__PROBLEM TO WORK ON__. For this exercise, return only the lines in the records below from the one holding "70年代のチャンピオンフット" through the one holding "Presented by Sonic, the", including both, exactly as they appear and without pictures.

__DATA SHOWN__.
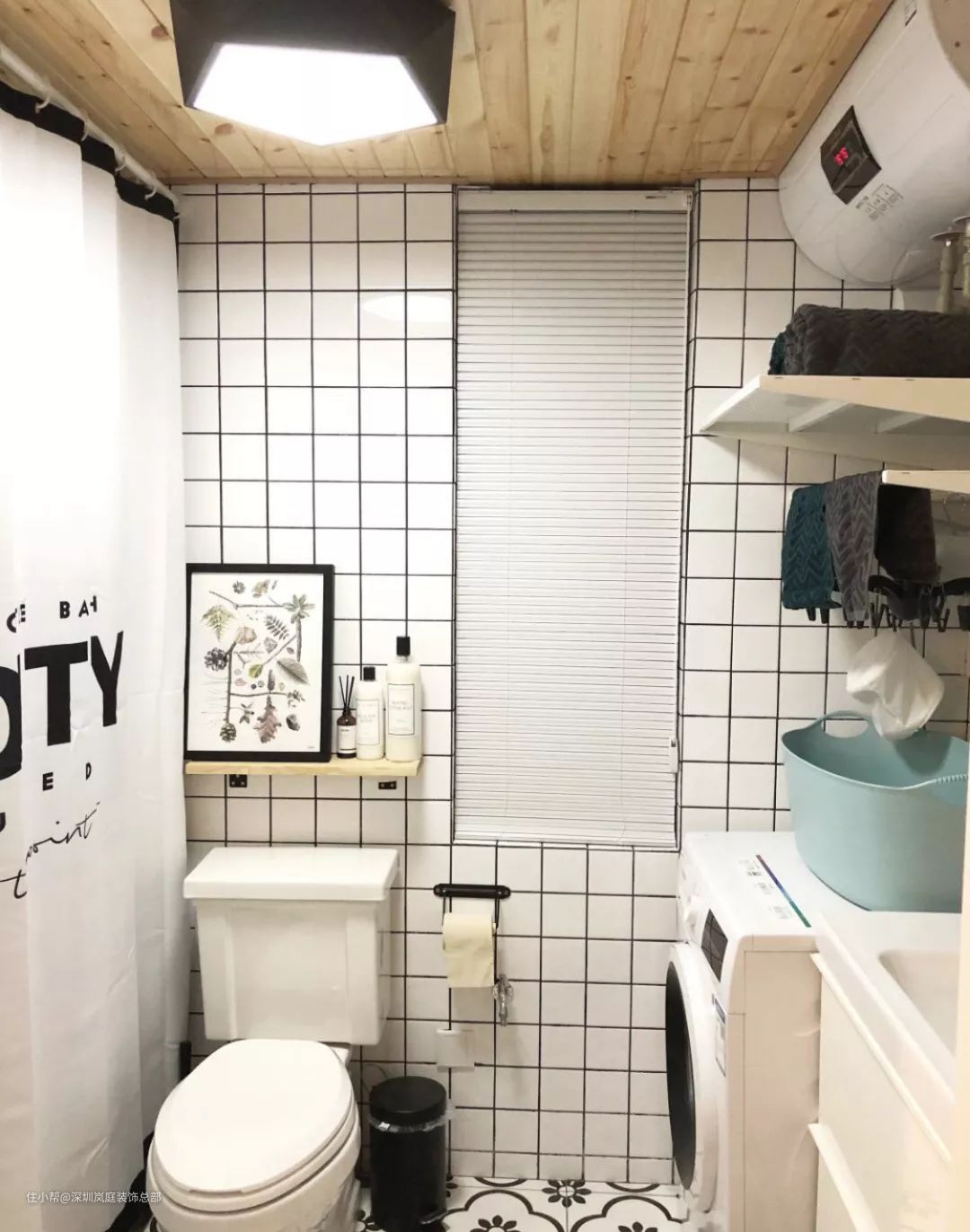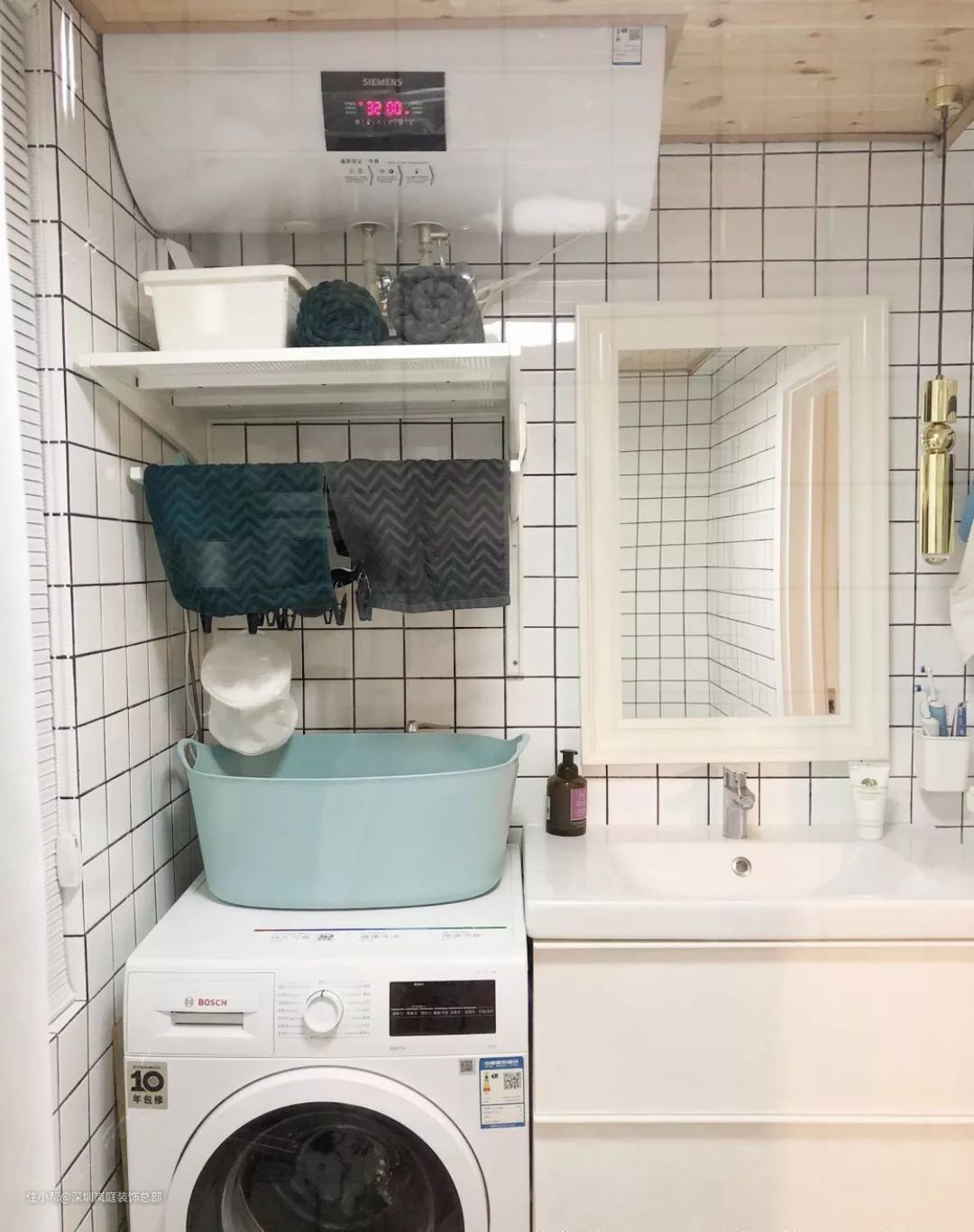 利用浴室柜旁边的位置放洗衣机,墙壁装置物架,打造成洗衣区,热水器放在洗衣机上方,充分利用垂直空间。
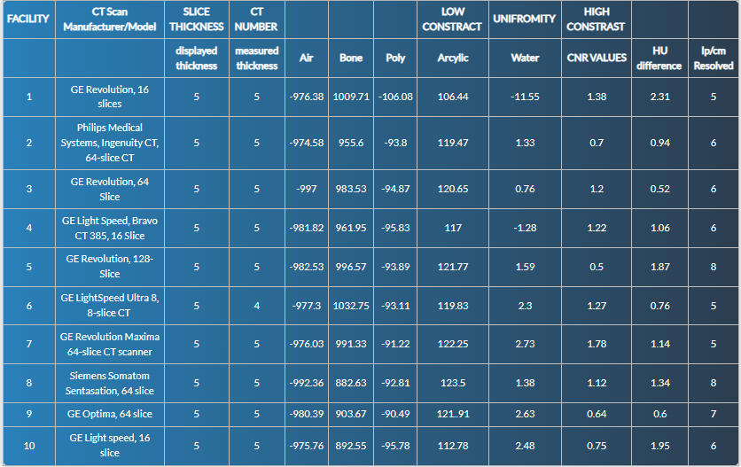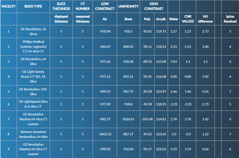 The raw data obtained from the phantom measurements are provided in tabular format, processed to derive meaningful statistics and compared to ACR 2022 acceptance criteria. Descriptive statistics were used to summarize performance across all facilities. Compliance rates were determined for each image quality metric, and scanners falling outside ACR thresholds were noted.
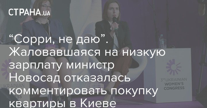 “Сорри, не даю”. Жаловавшаяся на низкую зарплату министр Новосад отказалась комментировать покупку квартиры в Киеве
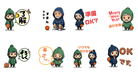 LINEスタンプメーカーでつくったバスケ好きのおじさん用スタンプです。
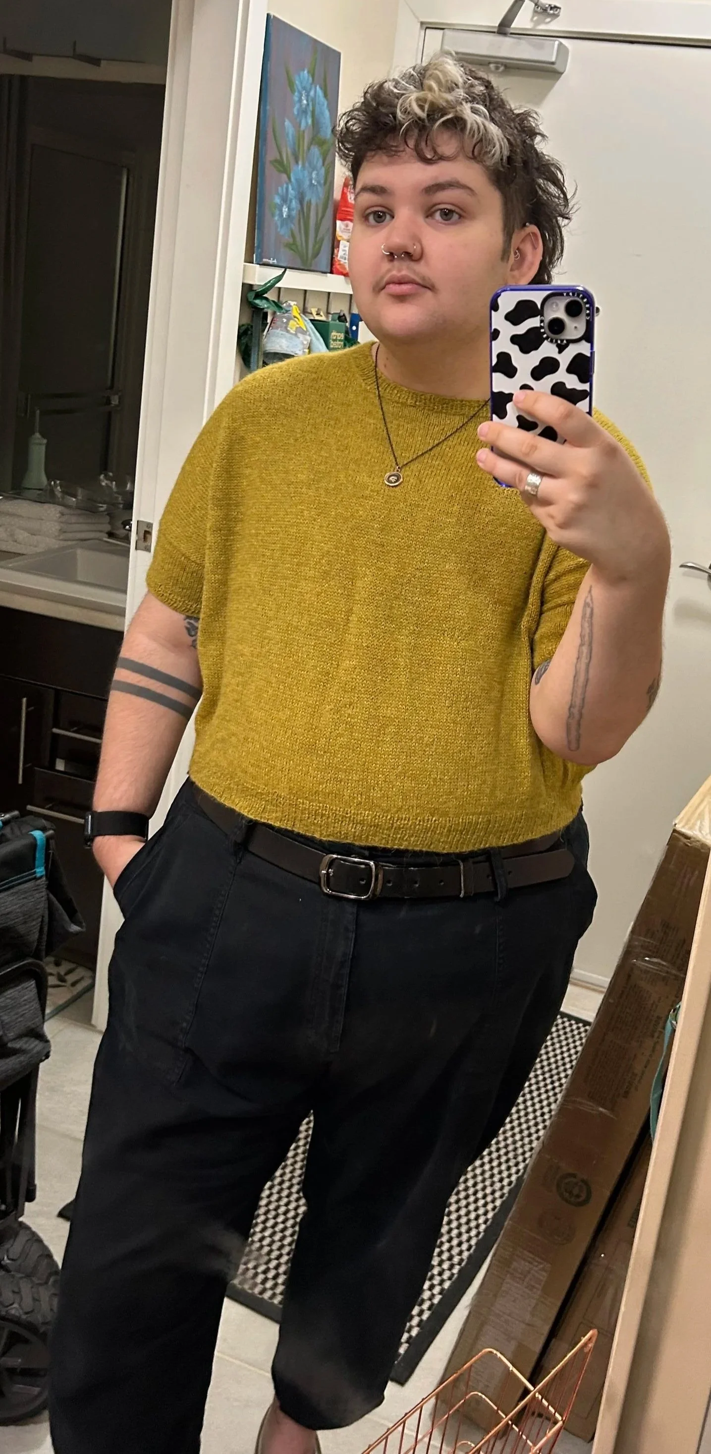 Hey folks, I’m Sam. I’m a 26 year old disabled artist whose art is as brightly coloured as it is likely to feature swear words - which is to say, very. I dabble in many different mediums and subjects depending on my inspiration. I’m known for my prolific ghost painting output, pop culture portraits, and vibrant (yet profane) abstracts. I’m beginning the occasional foray into comics which address more personal topics like gender and disability. This needn’t be said, but just in case, I despise AI of any form. When I’m not creating art you can find me knitting, taking care of the forest worth of plants in my home, spending time with my two dogs Molly and Luna, and sleeping. One of the few perks of being disabled is my dogs and I being on the same nap schedule :) I’m pictured here wearing a t-shirt that I knit for myself on the world’s smallest knitting needles.
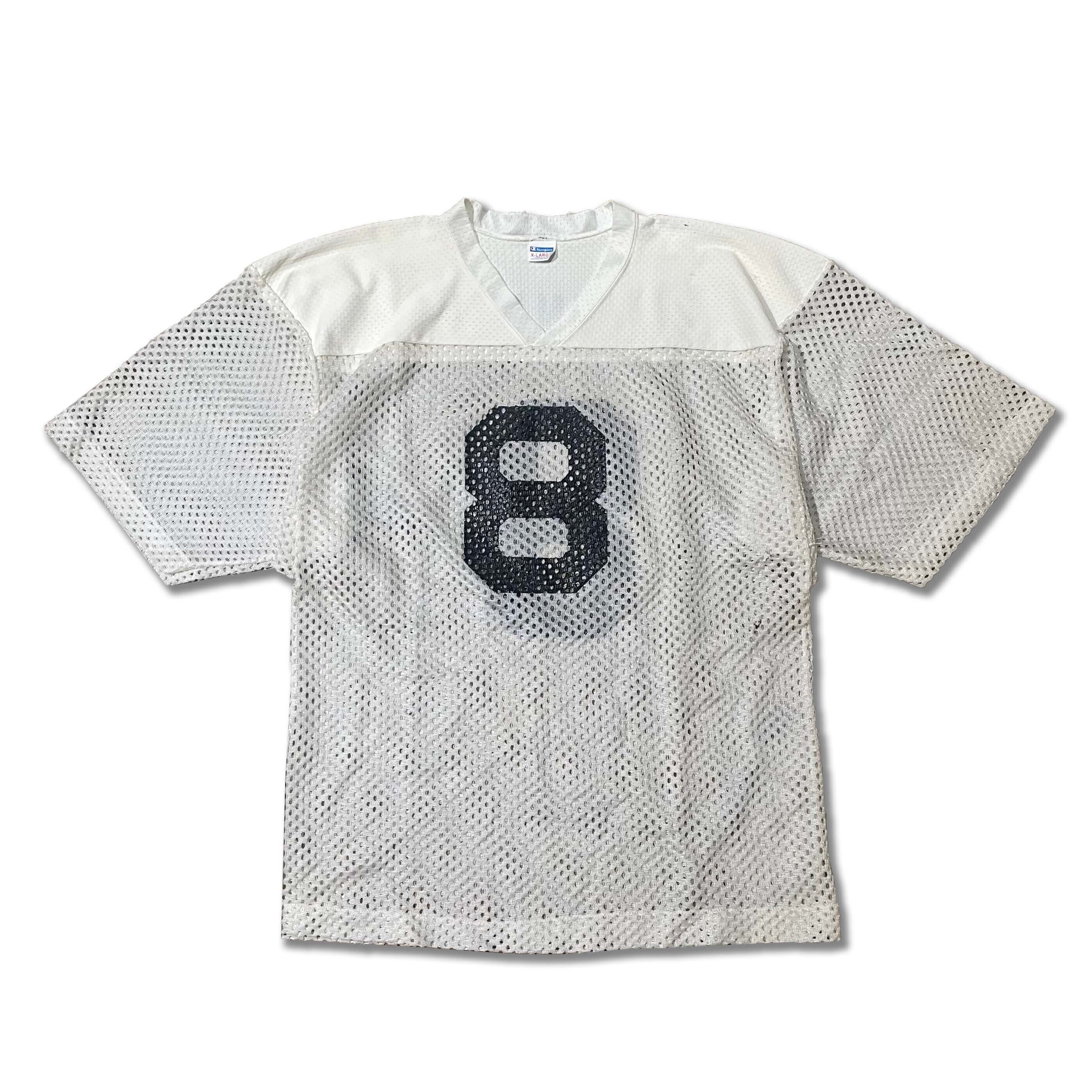 70年代のチャンピオンフットボールTシャツ。白ボディに黒プリントで着やすいデザイン。インナーにTシャツを着てレイヤードコーディネートとして楽しめる1着。70年代ビンテージ男性、女性問わずに楽しく着こなせるアイテムです。
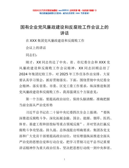 / 国有企业党风廉政建设和反腐败工作会议上的讲话
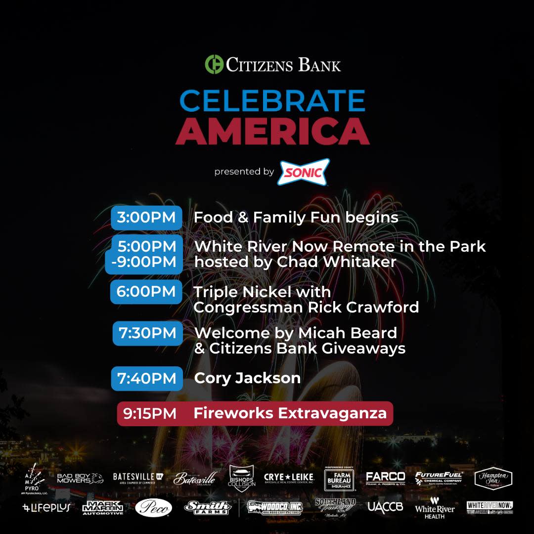 Presented by Sonic, the infamous Citizens Bank Celebrate America fireworks show will take place at Riverside Park in Batesville on Thursday, July 4th.
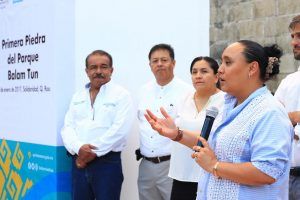 Coloca Cristina Torres primera piedra de parque en Balam Tun
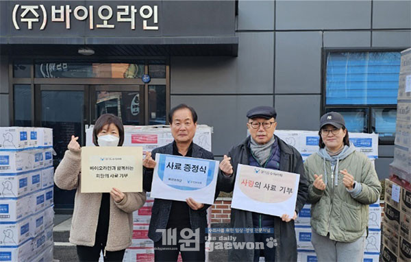 ㈜바이오라인(대표 권동일)이 지난 1월 26~29일 4일에 걸쳐 지역 보호단체에 사료 2톤을 기부했다.
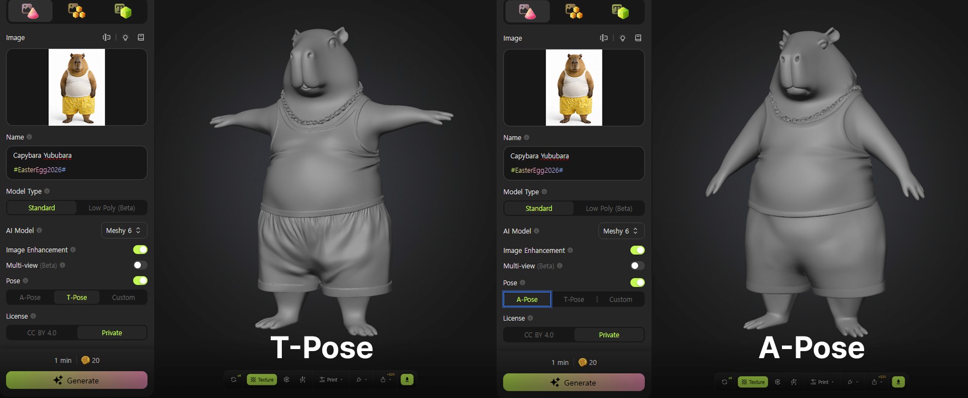 You can also simply upload a standard frontal photo, and in Meshy AI's settings, select the T-pose or A-pose option to force it into that 3D posture! Of course, if you can draw and upload the illustration in a T-pose or A-pose from the start, the AI will recognize the shape much more perfectly.
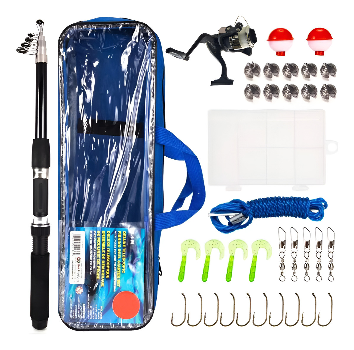 SET DE PESCA CAÑA 2MTS + REEL + ACCESORIOS
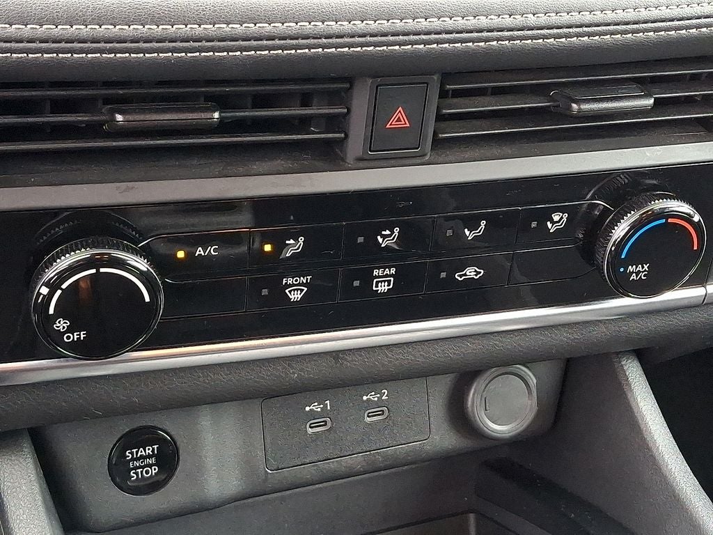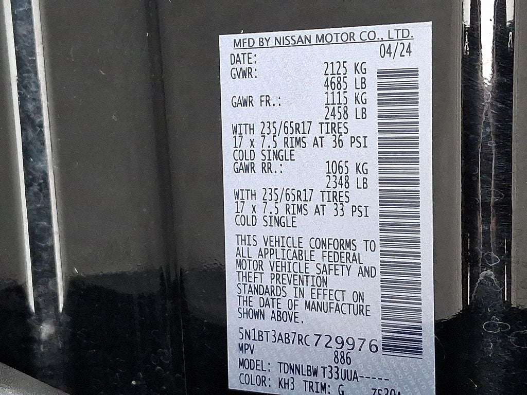 THIS VEHICLE INCLUDES THE FOLLOWING FEATURES AND OPTIONS: AWD, 17 Aluminum Alloy Wheels, 4 Speakers, 4-Wheel Disc Brakes, 5.676 Axle Ratio, ABS brakes, Air Conditioning, Alloy wheels, AM/FM radio: SiriusXM, Auto High-beam Headlights, Blind Spot Warning, Brake assist, Bumpers: body-color, Cloth Seat Trim, Delay-off headlights, Driver door bin, Driver vanity mirror, Dual front impact airbags, Dual front side impact airbags, Electronic Stability Control, First Aid Kit, Floor Mats w/1-Piece Cargo Area Protector, Four wheel independent suspension, Front anti-roll bar, Front Bucket Seats, Front Center Armrest, Front reading lights, Fully automatic headlights, Illuminated entry, Knee airbag, Low tire pressure warning, NissanConnect featuring Apple CarPlay and Android Auto, Occupant sensing airbag, Outside temperature display, Overhead airbag, Overhead console, Panic alarm, Passenger door bin, Passenger vanity mirror, Power door mirrors, Power steering, Power windows, Radio data system, Radio: AM/FM NissanConnect, Rear anti-roll bar, Rear Parking Sensors, Rear seat center armrest, Rear side impact airbag, Rear window defroster, Rear window wiper, Remote keyless entry, Speed control, Speed-Sensitive Wipers, Split folding rear seat, Spoiler, Steering wheel mounted audio controls, Tachometer, Telescoping steering wheel, Tilt steering wheel, Traction control, Trip computer, and Variably intermittent wipers. 28/35 City/Highway MPG

__EXPECTED OUTPUT__.
 70年代のチャンピオンフットボールTシャツ。白ボディに黒プリントで着やすいデザイン。インナーにTシャツを着てレイヤードコーディネートとして楽しめる1着。70年代ビンテージ男性、女性問わずに楽しく着こなせるアイテムです。
 / 国有企业党风廉政建设和反腐败工作会议上的讲话
 Presented by Sonic, the infamous Citizens Bank Celebrate America fireworks show will take place at Riverside Park in Batesville on Thursday, July 4th.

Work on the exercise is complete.